It’s just not sustainable. Lab-grown meat is here, it just needs to get to scale, get a bit cheaper and boom. Farming and killing animals for food will be obsolete.
This definitely. For ethical or cost-effective reasons. I think price is going to be the main incentive. If its a dollar less a pound for lab grown hamburger and options at fast food outlets - we’ll definitely be there. Real meat will become the new “fancy food” - wasteful and indulgent spending.
This is the first thing that came to my mind, too. I’m a omnivore myself and admittedly love my meat, but it’s very bad for the environment and I can’t deny the ethical concerns are there. At the very least, I can see low key vegetarianism being the norm in 20 years, where the norm would simply be to not have meat products, and meat might instead be a more niche diet or simply not the norm.
If lab grown meat manages to become scalable enough, I can also see that nearly completely replacing “real” meat.

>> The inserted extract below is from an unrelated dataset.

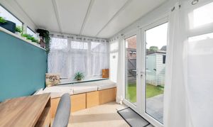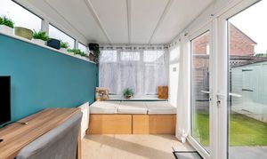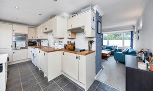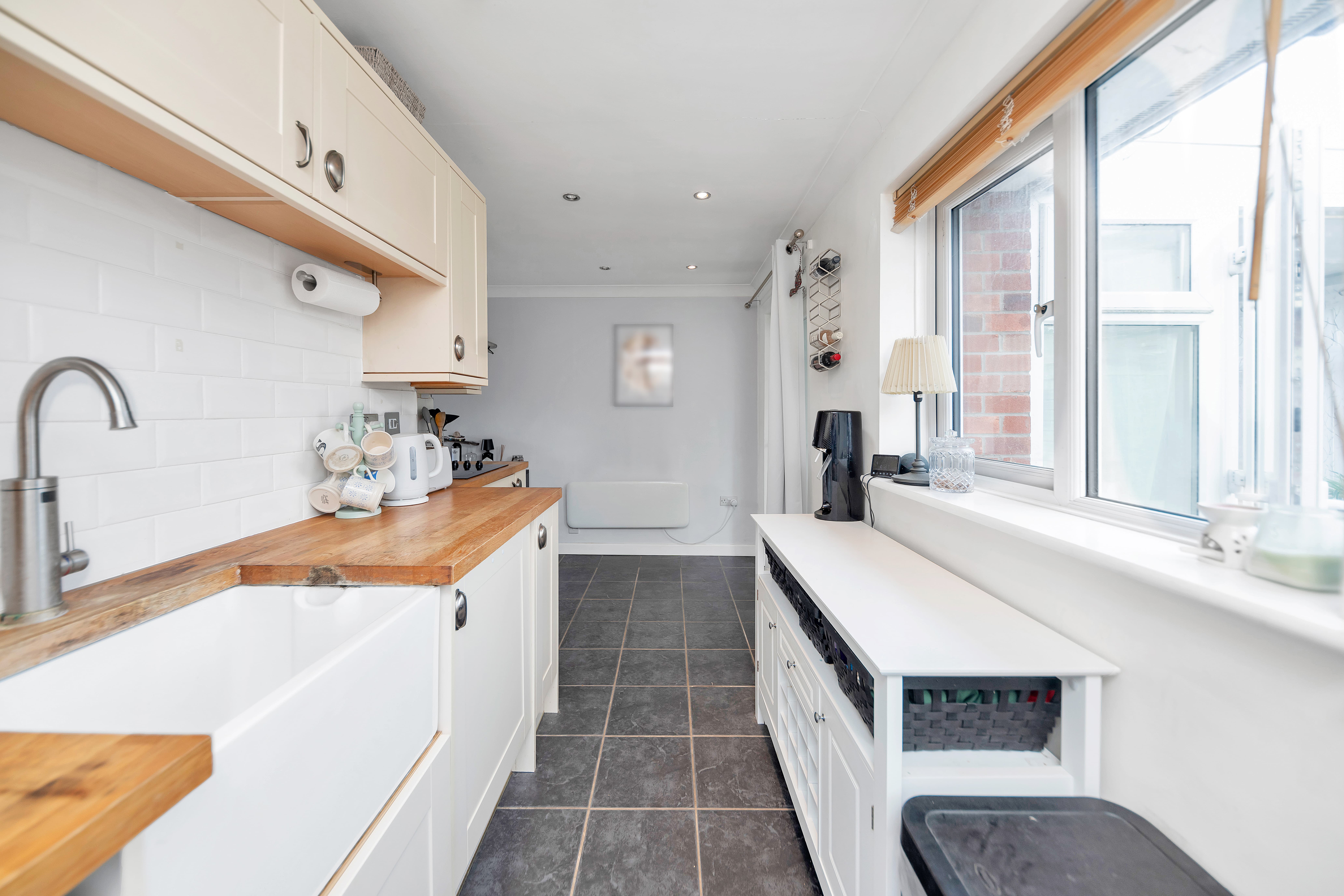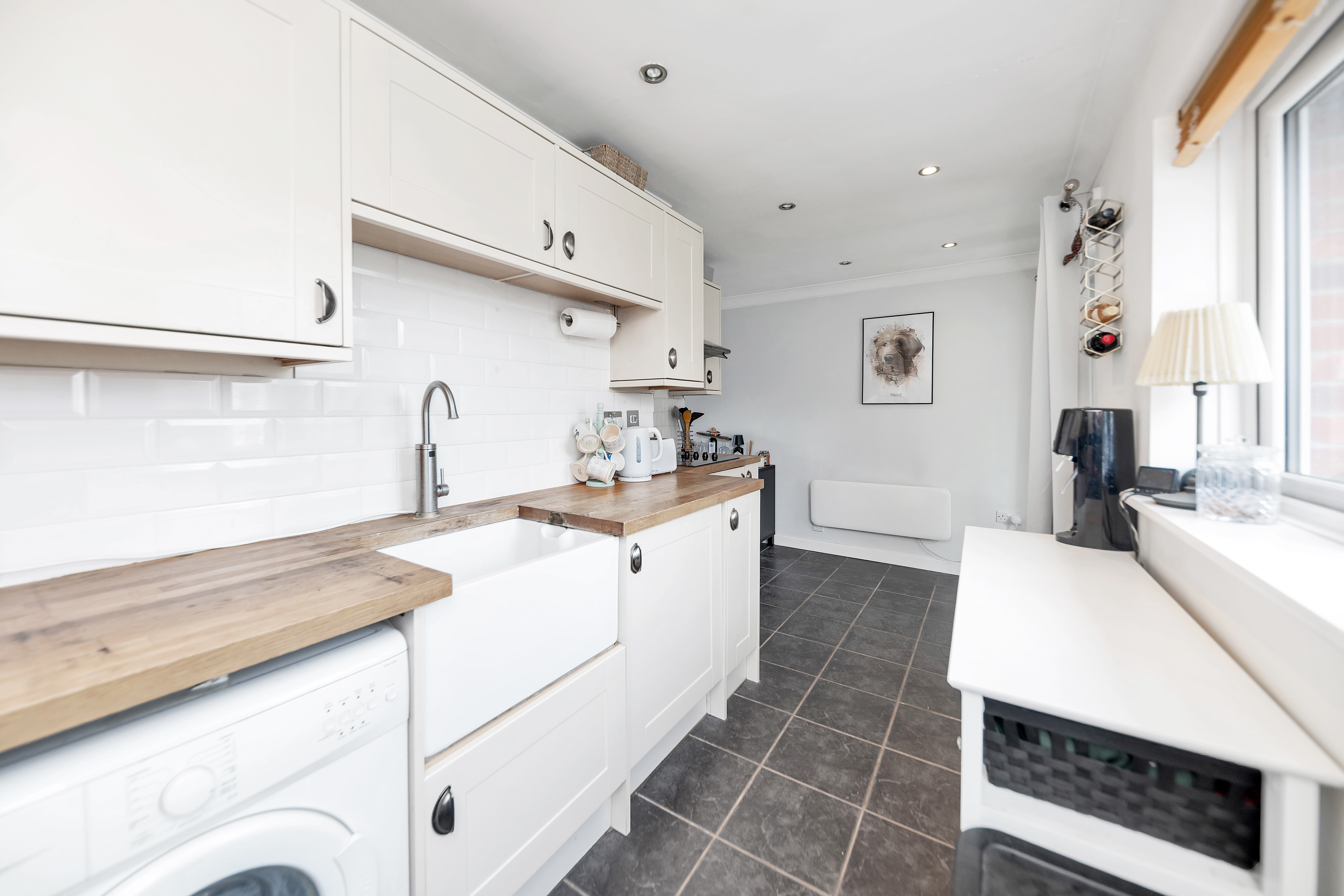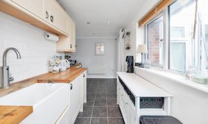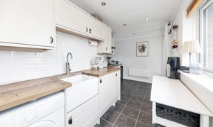The kitchen is a very good size, enjoying a range of base and wall units, wood worktops, a butler sink, tiled flooring and splashbacks, inset lighting, an integrated oven, hob, extractor fan and fridge/freezer, and space for a washing machine and other small kitchen appliances. The conservatory provides further versatile reception space, benefiting from a lovely garden aspect, carpets and space for furniture.
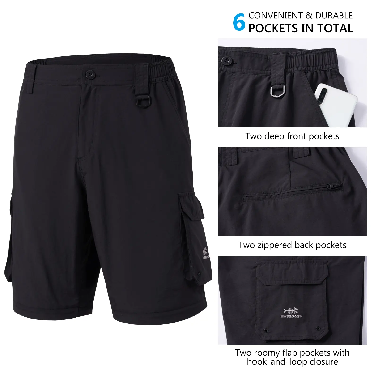 Six multi-purpose pockets for maximum storage capacity: two deep front mesh-lined pockets that allow to vent heat for added breathability, two SBS zippered back pockets for private items, two security cargo pockets with flap and hook-and-loop closure to meet your essential needs and quick access

Once it’s at least as affordable, I think “real” meat’s days would be numbered. It’d become a thing only for purists/elitists/exotic diners. I would even expect that lab grown meat would eventually become cheaper than “real” meat simply because it would be far faster to grow and take fewer resources than to grow an entire animal to adulthood.
As an aside, would labe grown meat be considered vegan? I think it would be since no animal is harmed in the making of it. I imagine many existing vegans wouldn’t want to eat something that tastes like meat, but it would be the thing that converts practically everyone else. I sure don’t see why I’d ever want to eat “real” meat again if I could get a comparable lab grown meat that doesn’t harm animals and is better for the environment. That’s just a win win.
Lab grown meat is grown from cell cultures that were taken from animals that were not capable of consenting to donate these cells.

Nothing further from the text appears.